Individual stock trading - You will be competing against professionals who have been trading stocks all day long for years - How smart are you and how quickly can you learn this. Also, legal or not, people have inside information that drives the market.

Mutual Funds and Money Managers - In a given year, because of fees, 70% to 80% of funds and managers will underperform a no-load index fund. Over a longer period a higher percentage will underperform index funds. Most of my stock market investment is now in index funds. Lowers stress levels and you don't need to deal with brokers or agents.

Volatility - The stock market history says it is the lowest risk place to have money for long term investment (10 years or more). If you need the money in the near term, risk goes up as the duration shortens. The stock market is not the place to have money you will need in the next few years.
 
   / Learning about the stock market #27  
Fees will take a lot of your growth. Low cost funds like vanguard or fidelity will help with this. For funds look a total stock market fund, international, and bond in the % that works for you.
I can say I had a fund manager who was taking fees on top of the fund fees. Which really cut into our growth. We moved out money out of there and went with fidelity.
Individual stocks can make you rich but it can also crash you fast. That is the reasoning behind the funds.
Advisers some will charge a % of the account, cuts into your growth.
Like they say on boggleheads investing is boring, get three funds, put money into it for a long time don't mess with it. its not timing the market its time in the market.
 
   / Learning about the stock market #28  
Fees will take a lot of your growth. Low cost funds like vanguard or fidelity will help with this.

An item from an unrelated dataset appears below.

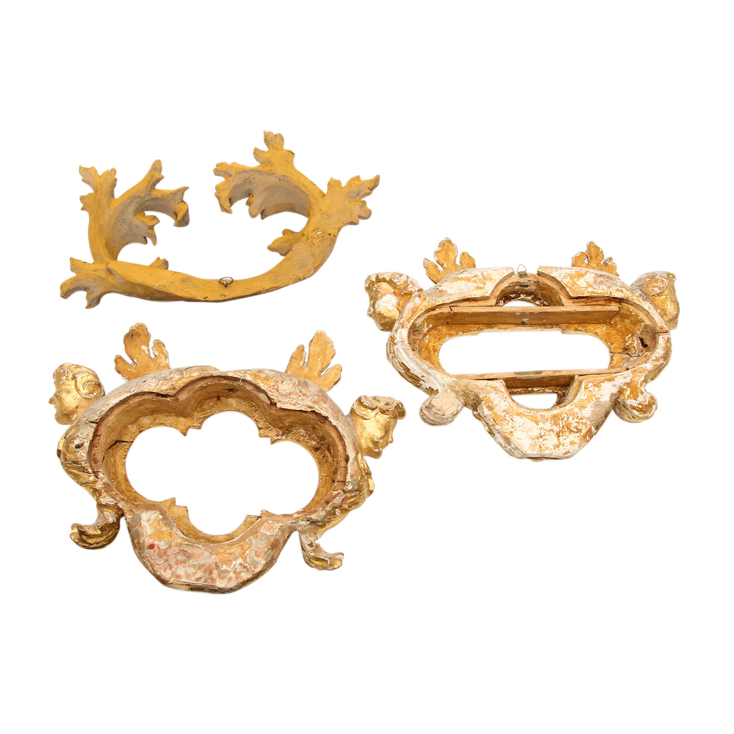 19th century, wood, openwork carved, gold painted, width approx. 45 cm. damaged

For funds look a total stock market fund, international, and bond in the % that works for you.
I can say I had a fund manager who was taking fees on top of the fund fees. Which really cut into our growth. We moved out money out of there and went with fidelity.
Individual stocks can make you rich but it can also crash you fast. That is the reasoning behind the funds.
Advisers some will charge a % of the account, cuts into your growth.
Like they say on boggleheads investing is boring, get three funds, put money into it for a long time don't mess with it. its not timing the market its time in the market.

Truth.

RSKY
 
   / Learning about the stock market #29  
Rainy day here...
How many remember the early days of the World Wide Web?...before the graphic interface of http there were lots of Usenet groups and dial up bulletin boards dedicated to the stock market and tracking stocks etc...
Back then rules were fairly strict about posting Off Topic (O/T) messages...

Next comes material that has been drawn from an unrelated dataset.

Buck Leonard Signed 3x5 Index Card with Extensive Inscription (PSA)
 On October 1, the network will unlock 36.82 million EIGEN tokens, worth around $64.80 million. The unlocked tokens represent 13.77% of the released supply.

Here is a trivia question about the bygone era...

What three letters of the alphabet were accepted at the beginning of off topic or semi-related stock market missives? and what is the significance? (hint "O", or "T" are not them)...
 
   / Learning about the stock market #30  
More on the efficient market hypothesis from Ben Carson via Mark Perry -- 503 Service Temporarily Unavailable. The "experts" in this case are the managers of university endowments.